When you got Bin and Jin in Heunghae, when you finally saw your footage — how it's framed in such a way as to evoke childhood, and in that setting — did this evoke your own memories? Or had the sensibility of the place changed? How close was it to the images you held in your mind?

Heunghae is pretty much the same as back in the seventies. When we went there to shoot, I thought, “Wow this is very similiar to what I remember of the market, the center of the town.” It was a little eerie, but the thing about shooting is that I was only able to concentrate on that day. It was moment-by-moment, day-by-day. I hardly had any time to reflect. It really came back to me when I was editing the footage. I said, “Wow, this is insane. Why did I think that I wanted to shoot this film in my hometown?”

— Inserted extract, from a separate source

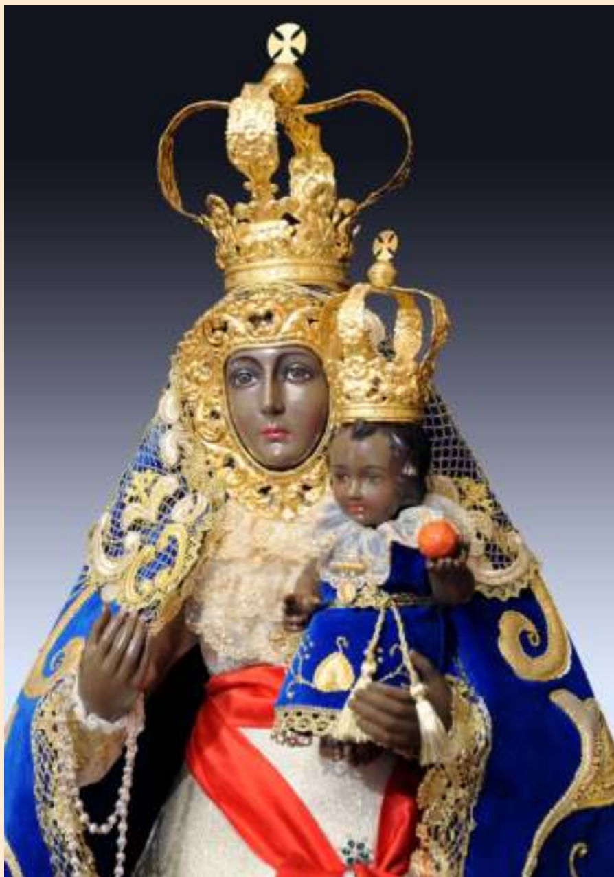
Imagen de la Santísima Virgen de la Cabeza de Palma del Río, Parroquia de la Asunción

Para hacer más importante para nosotros este Año Jubilar tenemos el orgullo y la satisfacción de contar con una Puerta Santa en nuestra Basílica y Real Santuario de la Virgen de la Cabeza, en el Cerro del Cabezo, en Andujar; ese lugar que es meta de nuestras peregrinaciones, que este año serán aún más especiales, ya que al pasar por esa reja

When we were there shooting, it was actually a peaceful and wonderful experience. All the crew and cast just loved being in this country village. Everybody walked to the set. We had great food. The shooting hours were not that long, because of the kids. Almost all the members of the crew gained weight. We had a very peaceful shooting time of three weeks in the countryside, although it was really intense when the kids were on set and we were shooting. It was really focused. By the time the end of the shoot came along, when they go to the grandparents' farm — we shot sequentially, according to the locations — when you see them onscreen and they look exhausted, they're actually extremely exhausted. We didn't have to worry about any makeup.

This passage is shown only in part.